Lost in Kino (Compact Disc) (Web Exclusive)
Reviewed by Royal S. Brown
Music for films and other media by Ljova. Diverse artists, including Ljova on viola and famiola, Romashka, and Tall Tall Trees. Compact disc. Kapustnik Records.
Ljova is the nom de compositeur of Moscow-born (in 1978) Lev Zhurbin, a Juilliard-trained violist who has turned his musical gifts in many directions, including arrangements for groups such as Yo-Yo Ma’s Silk Road Ensemble and the Kronos Quartet, and original compositions for a host of media, including film, TV, and the concert stage. He also has his own group, Ljova and the Kontraband. This new CD, the third produced by Ljova’s company Kapustnik, includes a grand total of twenty-four tracks of brief cues divided into two groupings. Most of the music is for the cinema (“kinó” in Russian means “cinema”). In the the first grouping, the majority of the tracks, most of which are genre pieces—polkas, waltzes, marches—were composed for a film entitled Black Lamb (Chernyi Baran), unreleased so far in America, directed by Roman Khrushch, described as “a dark comedy about race relations in contemporary Moscow.” Even though folk-inspired, each of the mostly brief cues here features little twists and turns in the music that continually keep the listener involved. At times one imagines that something along the lines of Nino Rota is going to emerge; at other times, such as in the two cues entitled “Karnavale,” there is more than a hint of Kurt Weill. Yet nothing here smacks of pastiche. Listeners who want to get an idea of how Ljova’s music works cinematically can access a montage of scenes from Black Lamb on the Kapustnik Website accompanied by the “War Then Peace” cue from the CD. The expert and enthusiastic performances come from Ljova on the viola, fiddle, and, yes, famiola (a hybrid six-string instrument combining violin, viola and cello), members of the New York based Gypsy band Romashka, and, for the final cue, “Pickle Porker Polka,” which is for a different film, the group Tall Tall Trees.

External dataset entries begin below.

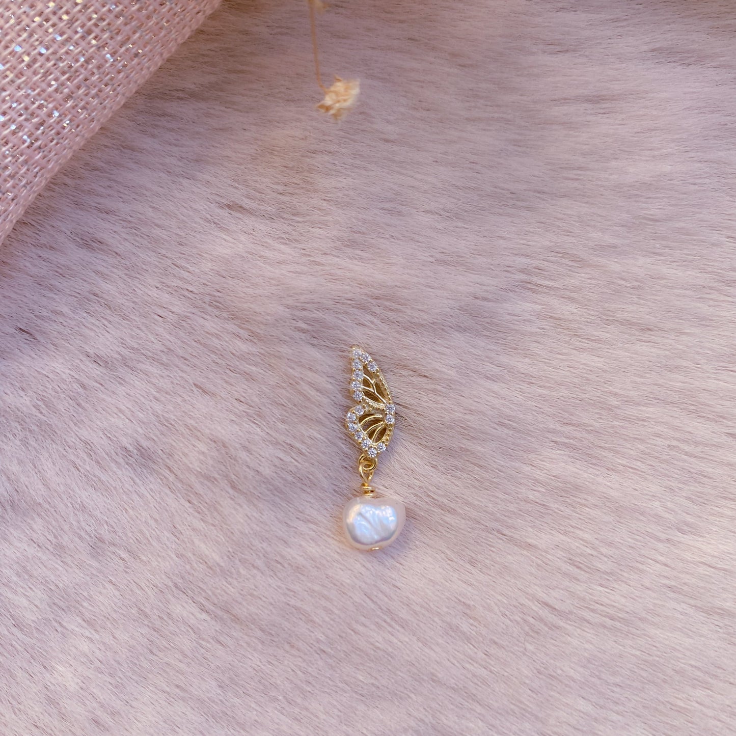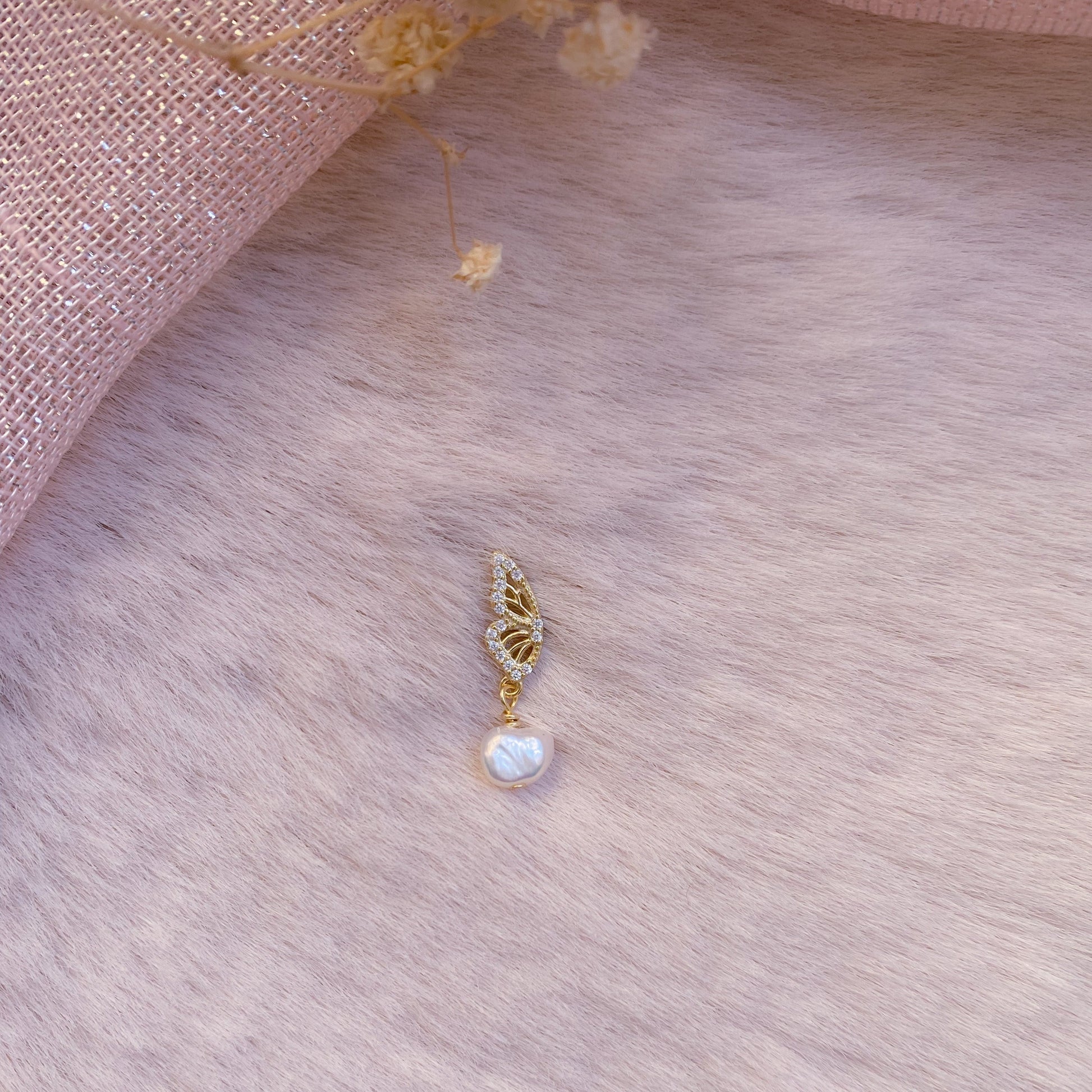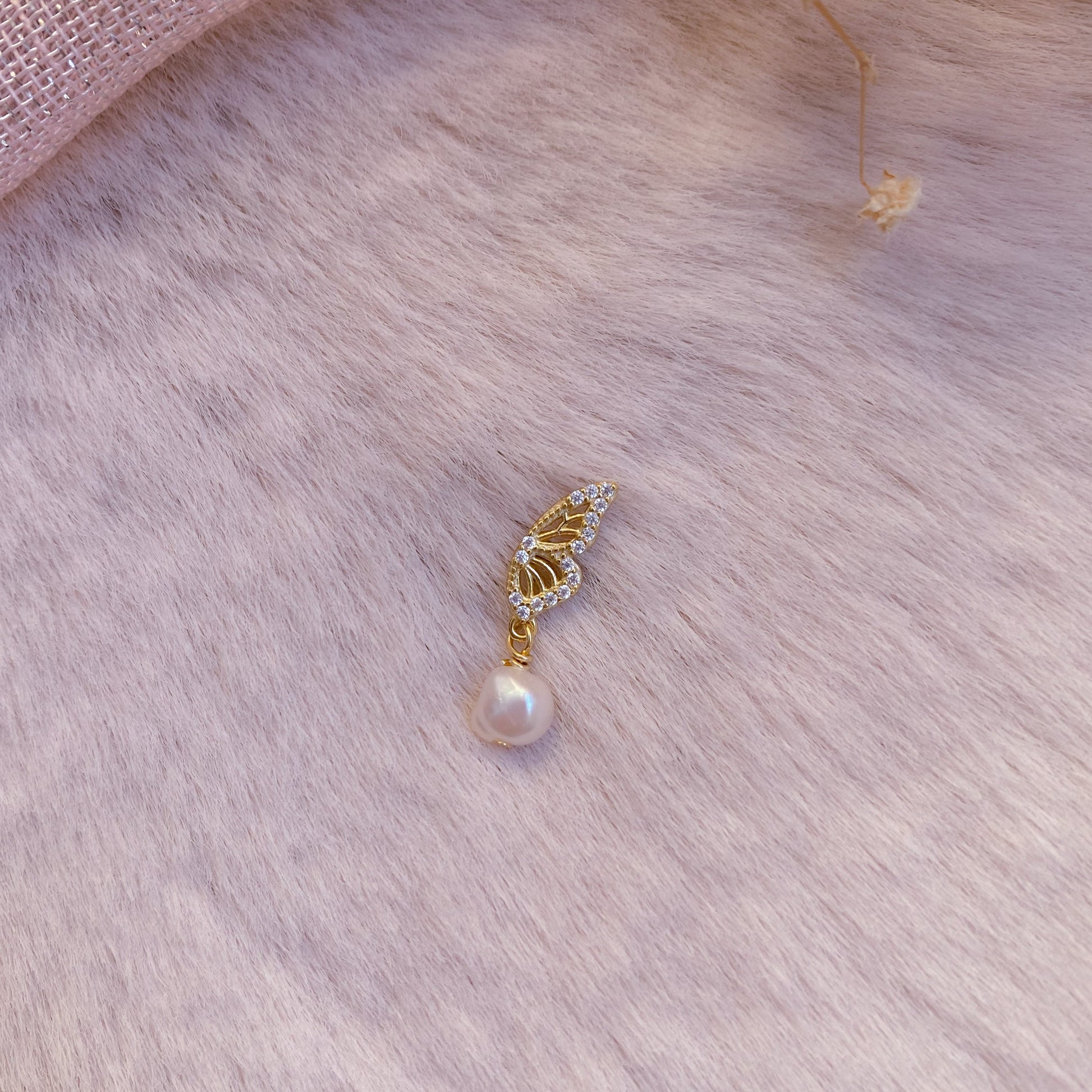 The 𝒟𝒶𝒾𝓃𝓉𝓎 𝐵𝓊𝓉𝓉𝑒𝓇𝒻𝓁𝓎 𝒫𝑒𝒶𝓇𝓁 𝐸𝒶𝓇𝓇𝒾𝓃𝑔 adds light to your ears thanks to its shiny stones and luscious freshwater pearls: romantic and sleek, it adds that extra flair to any ear parties! ✨🌷🦋
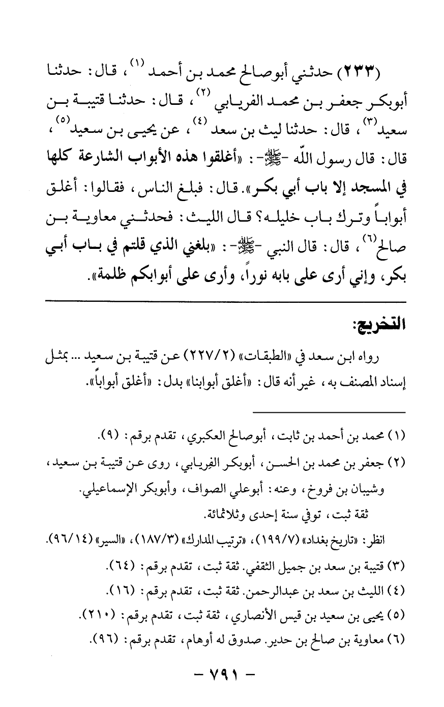 233 - حدثني أبو صالح محمد بن أحمد قال: حدثنا أبو بكر جعفر بن محمد الفريابي قال: حدثنا قتيبة بن سعيد قال: حدثنا ليث بن سعد عن يحيى بن سعيد قال: قال رسول الله صلى الله عليه وسلم أغلقوا هذه الأبواب الشارعة كلها في المسجد إلا باب أبي بكر قال فبلغ الناس فقالوا أغلق أبوابا وترك باب خليله قال الليث فحدثني معاوية بن صالح قال قال النبي صلى الله عليه وسلم بلغني الذي قلتم في باب أبي بكر وإني أرى على بابه نورا وأرى على أبوابكم ظلمة
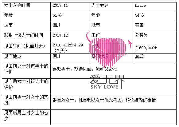 2017年11月,加入阿里红娘,在情感教练的指导和杨姐自身的努力下,杨姐很快就吸引了不少男士的青睐。杨姐一直渴望能有一个真诚爱她的男人,不求男士有多帅气的样貌、不求男士有多优越的经济条件,因为女士说:"自己前夫长得很帅,但是那又怎样呢?关键还是要这个男人爱自己才行。"经历过婚姻的女人看透了那些表面上的东西,更多的是希望两颗心可以相爱,正是因为这样的心态,让她很快遇到了一个爱她的男人Bruce。2017年12月,翻译老师给杨姐推荐了来自美国54岁的Bruce。巧的是Bruce也是一名公务员,负责航空安全管理的工作。同时,杨姐还有另外几位男士在联系着!
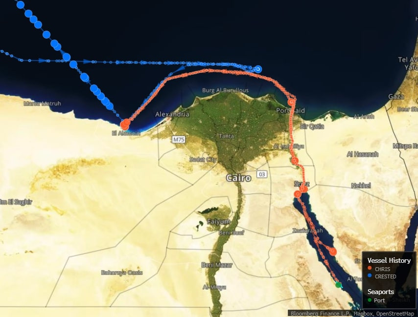 Theo Bloomberg, trong ngày 24/7, một lô hàng gồm 700.000 thùng dầu có xuất xứ từ Nga đã được chuyển tới cảng El Hamra của Ai Cập. Chỉ vài giờ đồng hồ sau đó, toàn bộ số dầu này được di chuyển lên một tàu chở hàng khác, điểm đến của chuyến tàu này vô cùng khó nắm bắt.
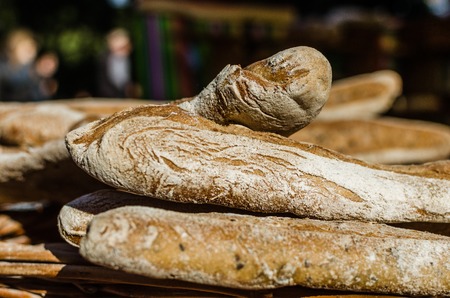 Many rustic baked traditional bread loaves on market stall outdoor.

The second part of this CD presents an entirely—well, not quite entirely—different, and for the most part definitely darker, side of Ljova’s gifts as a composer and performer. The first cue, “Satul Dintre Noi” (Middle Village), is basically a modal dance mostly for cymbalom and bass that the film’s principal composer, Osvaldo Golijov, asked Ljova to compose for the scenes in which the main character gets moved from one hideout to another in Francis Ford Coppola’s sadly neglected Youth Without Youth. The next cue, the longest and probably my favorite on the CD, is entitled “The Coup.” One of the composers to whom Ljova dedicates Lost in Kino is Philip Glass, and there is certainly more than a hint of Glass in the virtuosic, nonstop, and extremely fast-paced perpetuum mobile exhilaratingly performed on the viola by Ljova who, thanks to multitracking, also introduces some extremely moody lyricism and a bass line into this thoroughly engrossing vignette. Although “The Coup” was finally not used in the film, Kapustnik.com offers a video clip, accompanied by “The Coup,” that may or may not be from the intended film, showing often barely visible cross-dressers walking about the streets at night.
Of the remaining numbers on Lost in Kino, I found “Russian Winterland,” which includes some slightly Indian-sounding vocalizing by Ljova’s wife, Inna Barmash, to be the most immediately identifiable as Russian in its mournful lyricism. Interestingly, this music was not written for a film but has been reused quite movingly to back images from a 1909 documentary entitled Moscow in the Snow, which can be found on Kapustnik’s Website and on YouTube. This is an absolute must. Russian in a very different way—one thinks of a composer such as Dmitri Shostakovich—are the wit and irony in the herky-jerky “Famous People,” the first of three cues that appear in Joseph Astor’s documentary Lost Bohemia, which depicts the last days of the Carnegie Hall Studios and of the apartments above them. The final of these three cues, “The Evictions Begin,” to my ears evokes the kind of tragic loneliness one often hears in the music of Arvo Pärt. Just as your ears begin to get used to the darkness, however,Lost in Kino concludes with a brief cue, “Doctor Wrong,” which, performed on a pipa and shakuhachi, seems to come from an entirely different ethnic world. This is followed by a rather silly, and again brief, song, entitled “The End (Baby You Gotta Get Up!”), for an animated film, with Sarah Natochenny singing the lyrics with what I’m guessing is an appropriately little-girly voice.
Ljova is not only a gifted composer and performer, he is an amazingly multifaceted musician whose passion and enthusiasm bubble over in the various pieces on this CD. It would be fun to see what he could come up with over an entire feature film. I also must put in a good word for the very present recorded sound on this Kapustnik release, which adds just enough reverberation to create a lovely sense of space around the music. Strongly recommended.
Royal S. Brown is a professor in the City University of New York. He is the author of three books, along with numerous articles and reviews. He is currently preparing a book of film theory entitled Images of Images: Lacan in Literature and Film.